One day I’ll take a picture of our little kitchen in Portland and share it with you all. I haven’t done so yet because it usually looks like a tornado has just whizzed through. You wouldn’t be able to tell from the photos but our kitchen is basically a small walk-in closet. Add-in a fridge, a stove, minimal counter space, a few cute plants, and creaky wooden cabinets built in the 60’s, and that’s it folks. We fuss all the time about having to wash dishes by hand because we don’t have a dishwasher, or how much we can’t wait for the day when we have a humongous kitchen with all the room you could ever need.
But you know what?
Time goes by way too fast. Before we know it, 10 years will fly by and we’ll have a mortgage, kids running around, and a million things going on at once. We always want the next best thing. Instead of just reveling in the moment that we’re in and soaking in every experience. I’m flawed in this way as well – of always wanting more. But I know Thomas and I will look back when we’re turning grey and think of our life in Portland and say “we really had it made”. Being young and in love, struggling to save money but still feeling like we’re on top of the world, dancing to oldies in our little kitchen, making dinner at any-time of night because we can, crumb-y kisses after devouring a fresh batch of cookies -those are experiences that I want to soak in as much as possible and not take for granted.

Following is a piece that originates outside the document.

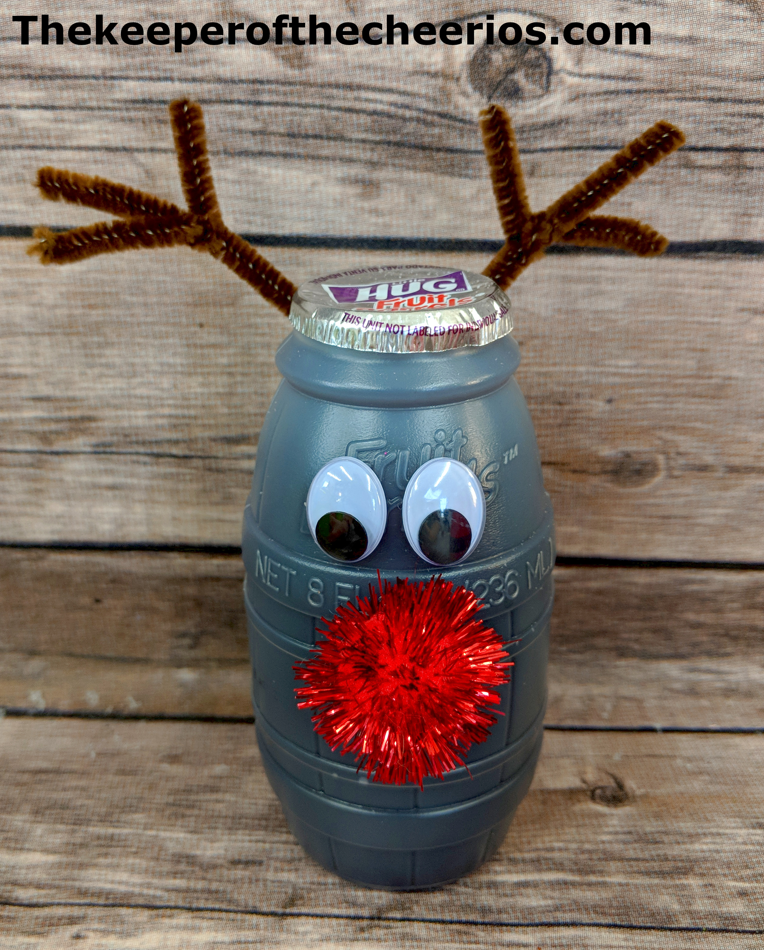 - For Rudolph glue on a red pom pom, 2 wiggle eyes and some chenille stem antlers

Something else I’ll always appreciate no matter how old we are, is how Thomas will forever be the onion cutter of the family. Maybe I’m just a baby, but I swear I cry more than anyone else when I slice into an onion. But you know what’s totally worth the misery and tears? THIS FRENCH ONION SOUP.

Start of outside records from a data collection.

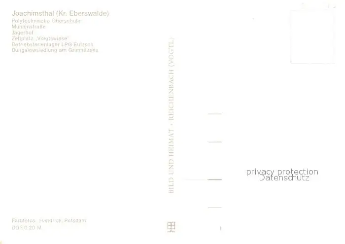 Joachimsthal Polytechn Oberschule Muehlenstrasse Jaegerhof Zeltplatz Voigtswiese Betriebsferienlager LPG Eutzsch Bungalowsiedlung am Grimnitzsee Joachimsthal postalisch nicht gelaufen nach 1965 Erhaltung siehe scans [WerneD78] WernPID7
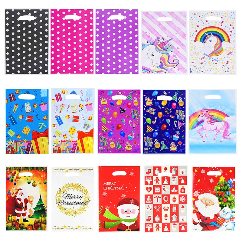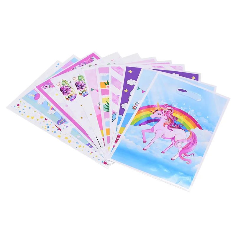 10 шт.лот, Подарочная сумка 17*25 см в виде милого единорога, пластиковая сумка в горошек для детей, товары для дня рождения, свадьбы, вечеринки, комплект декора, сумка конфет
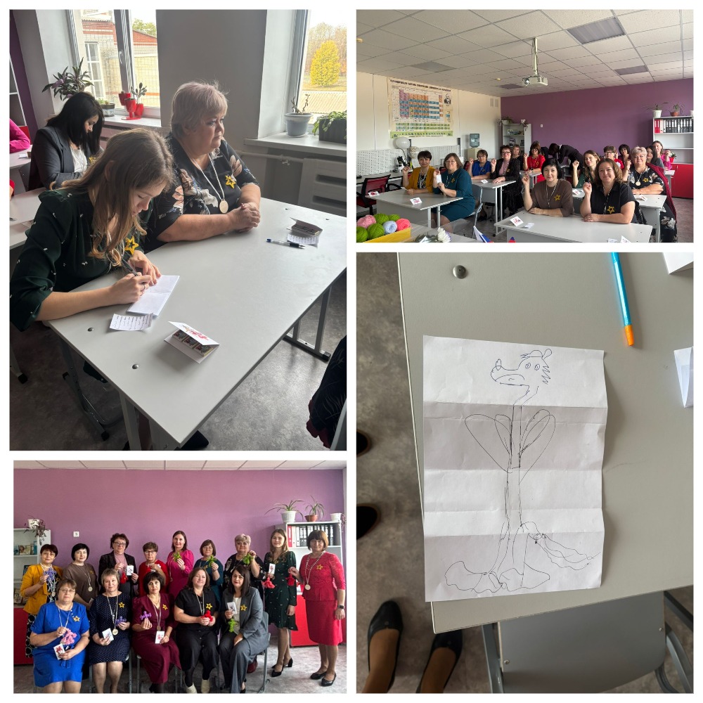 Украшения, перенесли всех в атмосферу кинопремии: красная ковровая дорожка, блестящие «НИКИ» и фотозона с элементами киноиндустрии. Каждый учитель стал номинантом в различных категориях.

It’s a glorious mix of buttery, golden, caramelized onions; slow-simmered, rich, broth; and crisp baguette topped with melted swiss and parmesan that creates the most epic cheese pull of all time. This is a super easy recipe and as an added bonus I tossed in half of a porter that I had in the fridge. So wipe your onion tears, drink the other half of your porter, and dive into this perfect bowl of soup.
Oh yeah… and most importantly enjoy the moment.
French Onion Soup
-3 tablespoons of butter
-5 cups of thinly sliced onions
-1 tablespoon of sugar
-1 tablespoon of balsamic vinegar
-3 garlic cloves, minced
-1 tablespoon, chopped fresh thyme leaves
-3 tablespoons all-purpose flour
-1 cup of porter, stout, or any dark beer that you have
-6 cups of chicken stock
-Salt and pepper to taste
-1 baguette, sliced
-equal parts of grated parmesan and Swiss cheese. I would even pile it higher than I did in the picture above! You want plenty of cheese so it melts over the side and gets extra crispy.
What to do
1) In a large pot, melt butter over medium-high heat.

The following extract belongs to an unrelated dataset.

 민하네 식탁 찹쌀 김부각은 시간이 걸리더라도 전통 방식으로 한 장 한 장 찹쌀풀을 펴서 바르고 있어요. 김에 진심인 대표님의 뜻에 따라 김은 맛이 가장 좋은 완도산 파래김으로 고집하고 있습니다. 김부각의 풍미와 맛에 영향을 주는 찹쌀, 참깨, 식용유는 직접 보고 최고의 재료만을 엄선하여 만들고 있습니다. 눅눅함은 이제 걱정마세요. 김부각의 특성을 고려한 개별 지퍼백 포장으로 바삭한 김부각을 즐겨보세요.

2) Add the onions and cook them for 15-20 minutes, stirring often, until golden in color. If they start sticking to the pot, you can add a little water a scrape with a wooden spoon.
3)Add in the sugar, vinegar, garlic, and thyme, stir and let cook a minute until fragrant
4) Add the flour in, stirring and scraping the pot with a wooden spoon
5) Mix in your beer of choice and let simmer for a few minutes before adding in the chicken stock. Once the stock is in, let it simmer for 20 minutes. Season with salt and pepper at the end if necessary.
6) Ladle the soup into oven safe bowls, cover with sliced baguette, and sprinkle generously with parmesan and Swiss.
7) Broil in the oven for 5-10 minutes or until the cheese is golden, bubbly, and delicious.
-Recipe was adapted from Marilou & Alexandre Champagne’s cookbook, 3 times a day.